Lets select only the sentences from the 2016 survey and randomly sample 1000 out of them. The KPA service is able to run over hundreds of thousands of sentences, however since the computation is heavy in resources (particularly GPUs) the trial version is limited to 1000 sentences. Using a random.seed(0) is important since we already prepared a hot-cache over these sentences for a quicker KPA run.

In [3]:
sentences_2016 = [sentence for sentence in sentences if sentence['year'] == '2016']
print('There are %d sentences in the 2016 survey' % len(sentences_2016))
random.seed(0)
random_sample_sentences_2016 = random.sample(sentences_2016, 1000)
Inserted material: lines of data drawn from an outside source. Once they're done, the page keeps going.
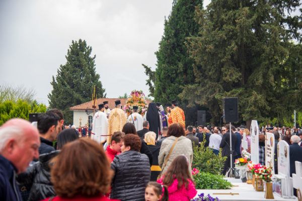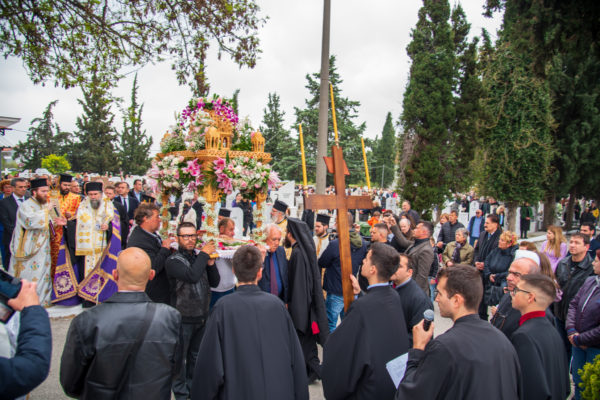 Στις 3:00 το μεσημέρι, ο Σεβασμιώτατος κ. Θεολόγος μετέβη στο Α’ Κοιμητήριο Σερρών, όπου επί του ειδικώς διαμορφωμένου υπερώου, πάνω ακριβώς από το οστεοφυλάκιο,μαζί με τον ιερό κλήρο της πόλεως τέλεσαν την ιερά ακολουθία της Αποκαθηλώσεως και έψαλαν τα εγκώμια. Εν συνεχεία, το αποκαθηλωθέν “Σώμα” του Κυρίου μας οδηγήθηκε λιτανευτικώς στο πλησίον του υπερώου λελατομημένο εκ πέτρας κενοτάφιο.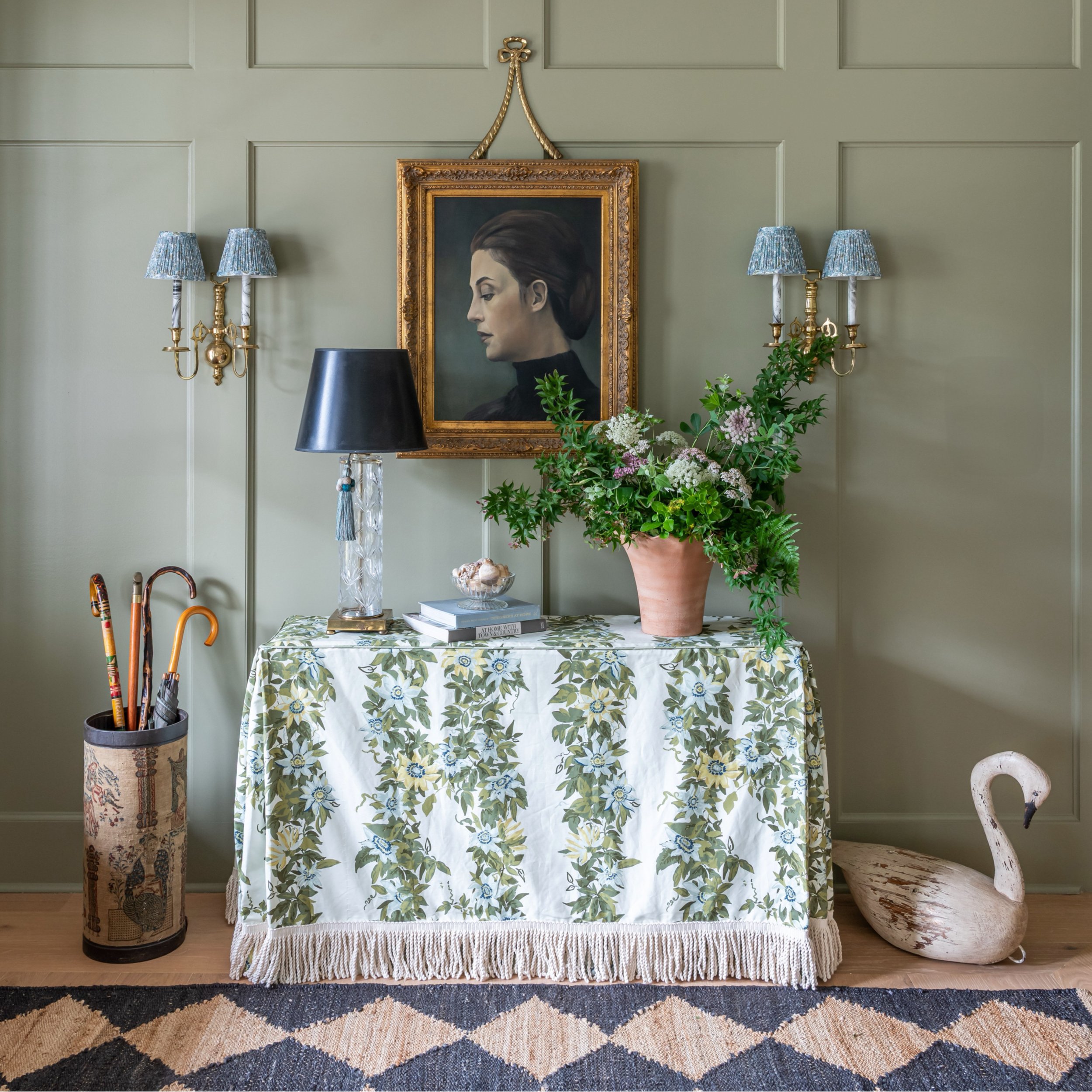 Think on this. Most entryways are little more than flooring, walls, a door and a light fixture. This is where a beautiful fabric accented with trim can do the heavy lifting to make a great first impression! The right fabric selection can introduce your home’s color palette and add softness and personality from the moment you enter your home. 10/10 recommend.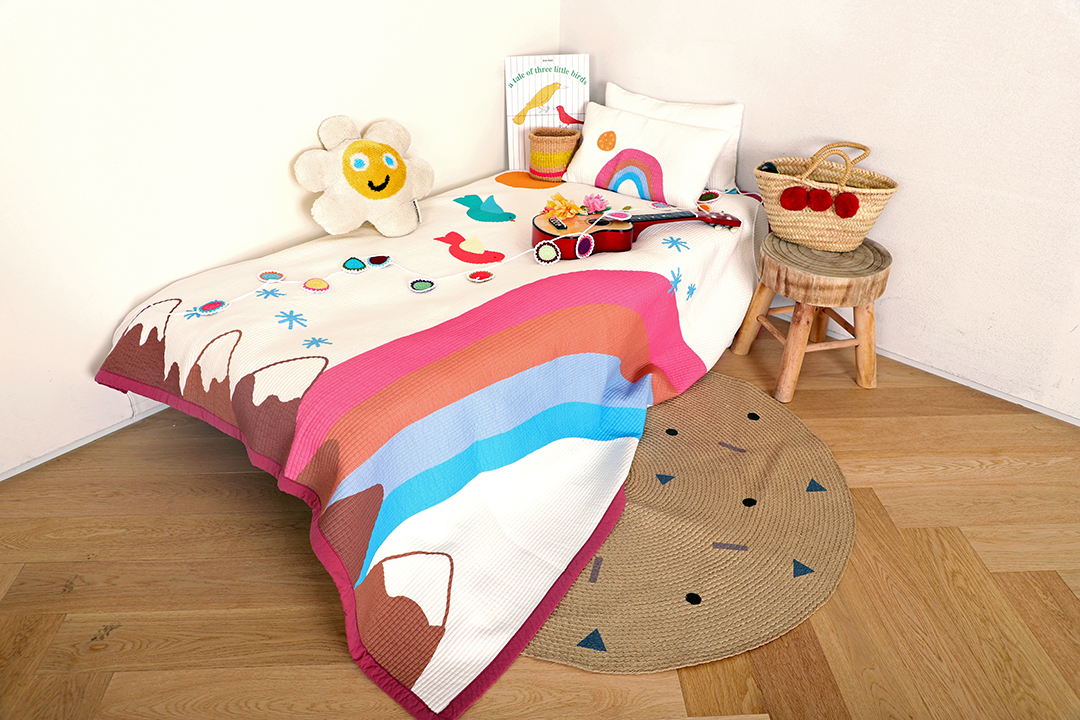 아직은 국내 백화점에 입점한 키즈 전문 침구 브랜드 수가 적은 편이라 경쟁력이 있다고 생각했어요. 거기에 앞서 감각적인 디자인과 최상의 소재를 겸비한 키즈 베딩 브랜드를 만드는 일이 중요하다고 느꼈고요. 아이 옷이나 신발에는 돈을 아낌없이 투자하면서 정작 침구를 살 때는 저렴한 가격과 디자인만 보고 구매하는 엄마들이 아직도 많아요. 보이지 않는 부분엔 돈을 절약하자는 마인드인데, 전 침구 선택에 있어서는 엄마들이 좀 더 전문성을 지닌 브랜드에서 안전성을 따지고 구매할 필요가 있다고 생각해요. 하루 12시간을 침대에서 보내는 아이들이 덮고, 물고 빨기도 하는 침구가 안전해야 한다는 건 너무나 당연한 거잖아요.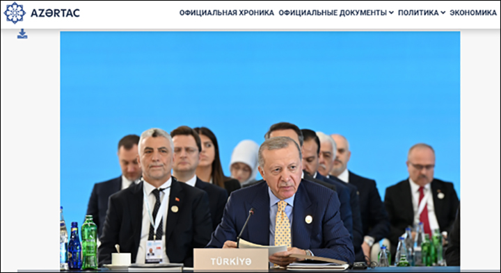 Президент Турции Реджеп Тайип Эрдоган на саммите ОТГ в Азербайджане 7 октября. Скриншот с сайта azertag.az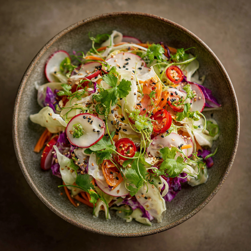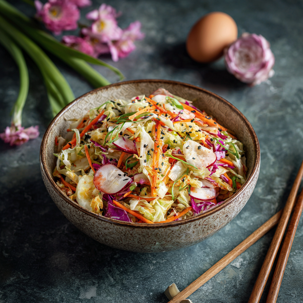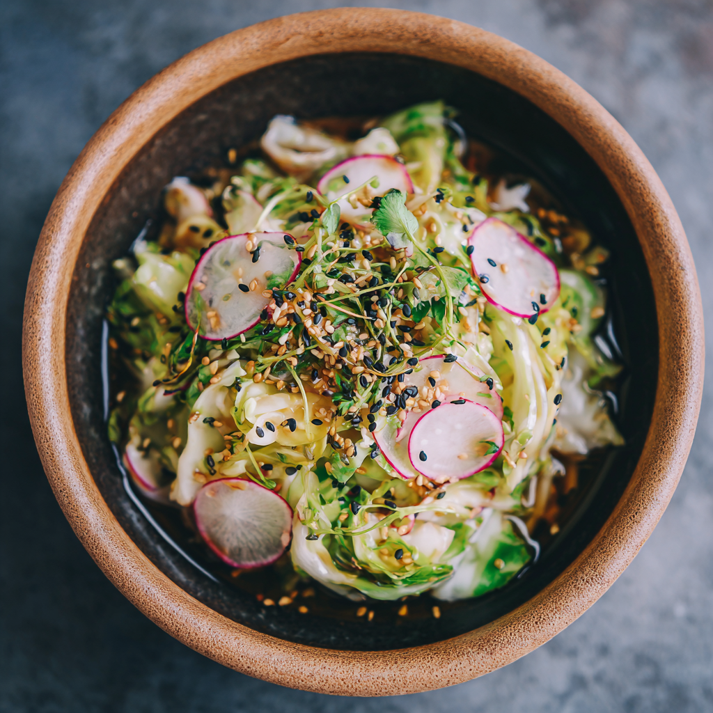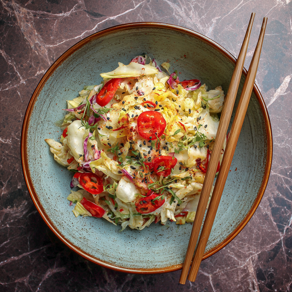 Laissez reposer 5 à 10 minutes avant de servir : ce court temps permet aux saveurs de s’harmoniser sans que le chou ne rende trop d’eau. Résultat ? Une salade éclatante, croquante et visuellement irrésistible qui fait honneur à la cuisine nippone.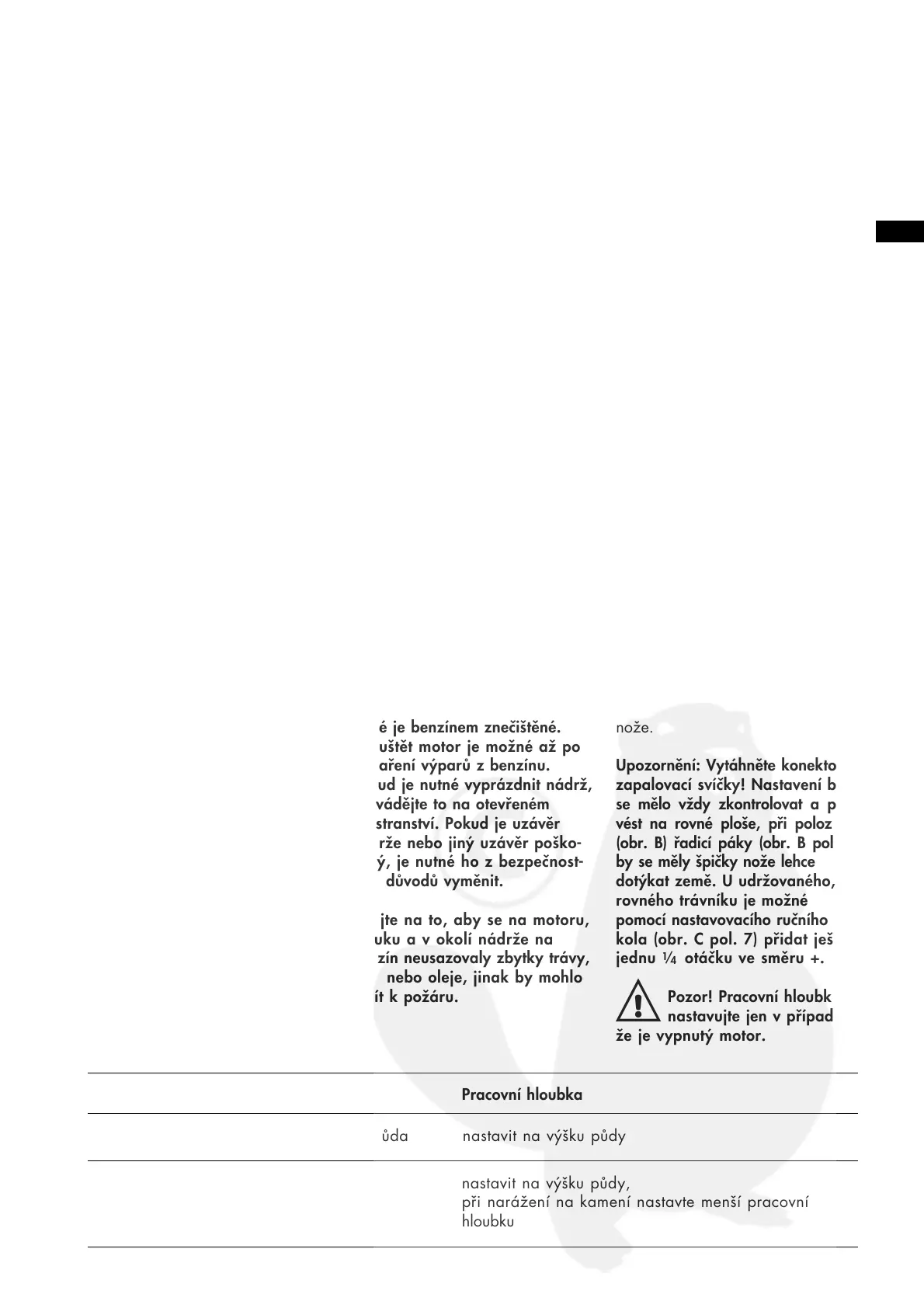 při narážení na kamení nastavte menší pracovní

There are 3005 sentences in the 2016 survey


### 1.2 Run KPA on the random sample

Full documentation of the KPA service can be found [here](https://early-access-program.debater.res.ibm.com/docs/services/keypoints/keypoints_pydoc.html).<br/>
Lets initialize few needed parameters. The DebaterApi object supplies the clients for the various debater services. The clients print information using the logger and a suitable verbosity level is needed. The api_key should be set, it can be retrieved from the early-access-program site.  The KPA service stores the data (and a cache) in a domain. A user can create several domains, one for each dataset. We will run all KPA jobs in the same domain named 'austin_demo'.

In [11]:
from debater_python_api.api.debater_api import DebaterApi
from austin_utils import init_logger
import os

init_logger()
api_key = os.environ['API_KEY']
debater_api = DebaterApi(apikey=api_key)
keypoints_client = debater_api.get_keypoints_client()
domain = 'austin_demo'

KeyError: 'API_KEY'

Exercise 1:<br/>
Lets define a method named "run_kpa". The method receives a list of sentences (each sentence is a dictionary with the following keys: 'id','text') and runs KPA on these sentences. In order to run KPA, we need to:<br/>1. Upload the comments into a domain using the "keypoints_client.upload_comments(domain, comment_ids, comment_texts, dont_split=True)" method. This method receives the domain, a list of comment_ids and a list of comment_texts. When uploading comments into a domain, the KPA service splits the comments into sentences and runs a minor cleansing on the sentences. Since we already splitted the comments into sentences ourselves and we want to KPA service to use them as is, we will also set the parameter "dont_split" to True.<br/>2. Wait till all comments in the domain are processed using the "keypoints_client.wait_till_all_comments_are_processed(domain)" method.<br/>3. Start a KPA job using the "keypoints_client.start_kp_analysis_job(domain, comments_ids, run_params)" method. This method receives the domain, a list of comment_ids and a "run_params". The run_params is a dictionary with various parameters for cosumizing the job. One of the parameters we can set is 'n_top_kps' which tells the system how many key points are required. We will set it to 20, therefore we will use run_params={'n_top_kps': 20}. The job runs in an async manner and a future is returned.<br/>4. Use the returned future and wait till results are available using the "future.get_result" method.

In [5]:
def run_kpa(sentences):
    sentences_texts = [sentence['text'] for sentence in sentences]
    sentences_ids = [sentence['id'] for sentence in sentences]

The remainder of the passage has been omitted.